Алексей Небыков, быть может, сам того не сознавая, работает сейчас в литературе над созданием нового мифа. Собственного мифа, одной ногой стоящего в искусстве, в культуре как таковой, а точнее, в ее фрагменте — в литературе, а значит, в феноменологии авторства, личного творчества, — а другою — в общей великой совокупности мировых мифов, чаще всего связанных не с высокоторжественной, лучистой картиной Дантова Рая, сколько с колоритом Дантова Ада — подземным, огненным, полным неведомого и невысказанного страдания.

Если следовать схемам архаического мироздания, бытовавшим в истории разных народов Земли, в разных древних культурах, мы увидим там трехслойное мироустройство: Мир Верхний, небеса, Мир Средний (Земля, реальность, существование здесь и сейчас) и Мир Нижний, подземный, хтонический. Иномирие рассматривалось и толковалось не только (и не столько) как первобытный Райский Сад, а прежде всего как хтоническое начало: из земли все рождалось, прорастало, росло, созревало, потом на земле умирало и в землю же уходило. Античный миф о Персефоне (Коре) не лишен ориентации на продолжение жизни в незнаемом подземье, не только на подземный ужас и подземную тотальную смерть.

Поэтому в подзаголовке книги Алексея Небыкова — «Русский хтонический рассказ» — надлежит прочитывать не вектор, направленный на «голливудский ужастик», а обращение к невероятно древним традициям: хтоническая мифология, мифология древнейшего архетипа — Жизнь-Смерть — вот та основа, та почва, на которой возрастают все эти удивительные рассказы автора, эта проза, внутри которой спрятана тревожащая нас архаическая музыка, забытые фольклорные смыслы, обращение к первозданной магии: когда человек ощущал себя частью Природы гораздо интенсивнее, чем сейчас, он мог хотя и с содроганием, но прямо и смело, широко открыв глаза, смотреть в ту пропасть, куда мы теперь не заглядываем: забыли, боимся, не хотим.

Алексей Небыков в своих рассказах возвращает нам эту древнюю воинскую храбрость.

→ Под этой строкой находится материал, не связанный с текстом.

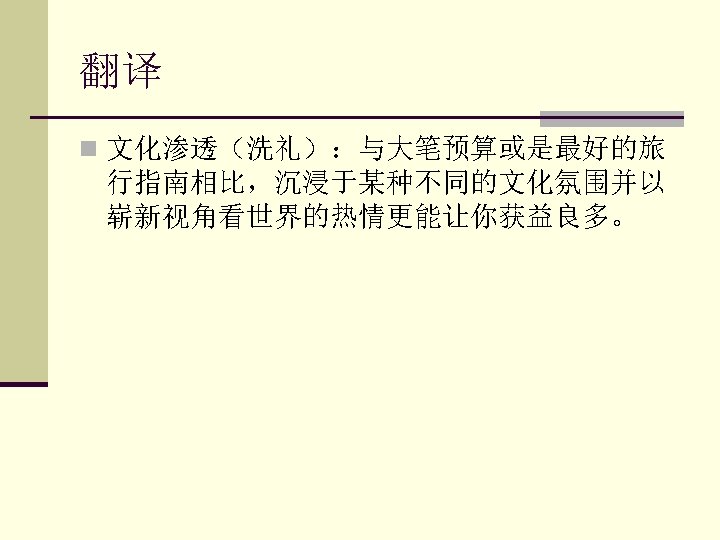 n A passion about immersing yourself in a different n n n culture and seeing the world from a new point of view will take you further than a huge budget or the best guidebook. 长句子基本结构:主语A passion about… +谓语will take+宾语you passion:激情 immerse oneself in… 让自己沉浸于 point of view:观点 see the world from ~从全新的观 点看世界 take you further than… 带给你的比……更多

Но, находясь в другом времени, имея за плечами все мыслимые и немыслимые культурные временные слои, он вынужден строить, выстраивать — в каждом конкретном случае-сюжете — свой собственный миф, и счастье, если внутренне, символически и образно, авторский миф соприкасается с праотеческим, праматеринским, пра-земным, общевременным.

«(...) Сила дикая вдруг отпустила его, вернула шее привычное положение. Тоео повалился на колени, а госпожа захрипела:

— Увлечение непостоянно, хочется навсегда...

— Любовь есть то, что ты любишь, — шептал в ответ Тоео. — Не то, что любит тебя. Это и есть навсегда. Силу страдания, чувства, их часы продолжаем мы сами. Вещи желанные, вообразимые бесценны своей недостижимостью, хрупкостью своей, истечением, памятью. Чувство разочарования порою сметает нас ярче любых счастливых дней. Никто не может нам запретить любить. И в этом чудо жизни.

Безмолвно стало в покоях, глуше. Точно ушло разрушительное клокотание зла. Не было больше в отражении госпожи ни свирепости, ни приговора. Какое-то белое испарение источалось из нее, зависало скоплениями в воздухе. Затем этот странный туман теплым дуновением проскользил по щеке Тоео и втянулся неспешно внутрь зеркала, высвободив из потусторонней поверхности памятную табличку и какой-то круглый предмет.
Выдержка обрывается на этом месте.